The trigger approach is limited by the very small number of PVC in BrS. A previous clinical report6 recorded abnormal epicardial potentials in BrS patients via the conus branch of the right coronary artery. Subsequently, an experimental report from Morita et al. described radiofrequency catheter ablation at the earliest activation site of PVCs in the epicardium, which disconnected the short and long action potential duration regions and eliminated all PVCs and VTs.16 These findings, combined with the development of epicardial VT mapping and ablation, have led to substrate ablation becoming the preferred approach to ablation for BrS. In 2011, Nademanee et al.7 described their experience using percutaneous epicardial access17 in this population and identified an area with fragmented potentials over the epicardial surface of the RVOT. Ablation at these sites rendered VF noninducible in 7 of 9 patients (78%) and normalized the Brugada ECG pattern in 89%. Long-term outcome (20 ± 6 months) was excellent, with no recurrent VF in any patient.7 We showed that these epicardial potentials were delayed during ajmaline infusion at the same time that the Brugada pattern became more pronounced.18 In our experience, Brugada pattern ST elevation can sometimes persist or increase during ablation, perhaps due to local tissue injury, but disappears afterwards. In all of the patients treated with substrate ablation in this center, we have demonstrated a negative ajmaline challenge at 3 months. In the 14 patients in whom we performed epicardial mapping, fragmented potentials covered an area of 20 ± 4 cm2. More recently, Brugada et al.19 reported their experience of 14 patients with epicardial Brugada ablation. In this series, the area of abnormal electrograms covered an area on the right anterior RV free wall and RVOT of 19 cm2 that increased to 27.3 cm2 after flecainide infusion. In 100% of their patients, VF was noninducible at the end of the procedure and none demonstrated the Brugada pattern after flecainide infusion at 5 months.


Interestingly, one of our patients presented with monomorphic VT 18 months after epicardial ablation, whereas he had had VF before. This is likely to be due to organization of the remaining substrate by ablation, such that it allowed only VT and not VF in a manner analogous to atrial tachycardia post AF ablation.

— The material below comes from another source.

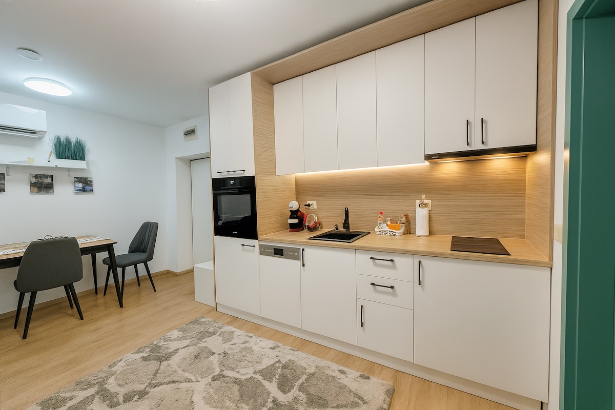 Apartamento elegantemente amueblado, 45 metros cuadrados con dos habitaciones separadas. Se encuentra a 200 m de la primera estación de remonte para acceder al monte. Cerca del centro de la ciudad, con buena infraestructura. Existe la posibilidad de estacionar un auto. Consta de una habitación grande con zona de cocina y dormitorio independiente. Calefacción con aire acondicionado. Baño grande con tina. Hay un SPA cerca, justo al otro lado de la calle . Nearbay tiene tiendas, restaurantes y alquiler de esquí.

Based on our experience on AF mapping with noninvasive ECG imaging,20,21 we performed VF recordings in 7 patients with BrS and epicardial mapping for VF ablation. Analysis of noninvasive ECG imaging showed that VF rotors were anchored within the area of fragmented potentials over the RVOT (unpublished data).


Preprocedural Planning


There are several advantages of the substrate approach. First, it does not require PVCs (which can be sometimes challenging to record), and second, the timing of the procedure is less important. However, it requires access to the pericardium and therefore awareness and prevention of potential complications.22,23


We routinely perform CT scans before ablation to obtain cardiac anatomy, particularly coronary artery anatomy (Figure 53.3) of the right coronary artery branches for BrS ablation.



image


Figure 53.3 Right coronary artery, obtained via CT scan, merged in an epicardial voltage map acquired with a Lasso Nav® catheter (Biosense Webster, Diamond Bar, CA). A cardiac CT scan with contrast injection is performed before ablation. The epicardial and endocardial surfaces, coronary sinus, and coronary arteries are then segmented and rendered into 3D objects as .vtk files using MUSIC software30 to be incorporated into the map of a 3D mapping system. The right panel shows the abnormal potentials (arrows) recorded with the Lasso Nav over the RV. These potentials are annotated on the epicardial map on the left panel (dark dots). In this example, two branches of the right coronary artery are supplying an area with multiple abnormal EGMs. In this case, we performed ablation of abnormal EGMs close to the right coronary artery branches on the endocardial surface facing the target area, with the multipolar catheter positioned epicardially to monitor EGM disappearance. In this patient, abnormal EGMs cover approximatively 21 cm2.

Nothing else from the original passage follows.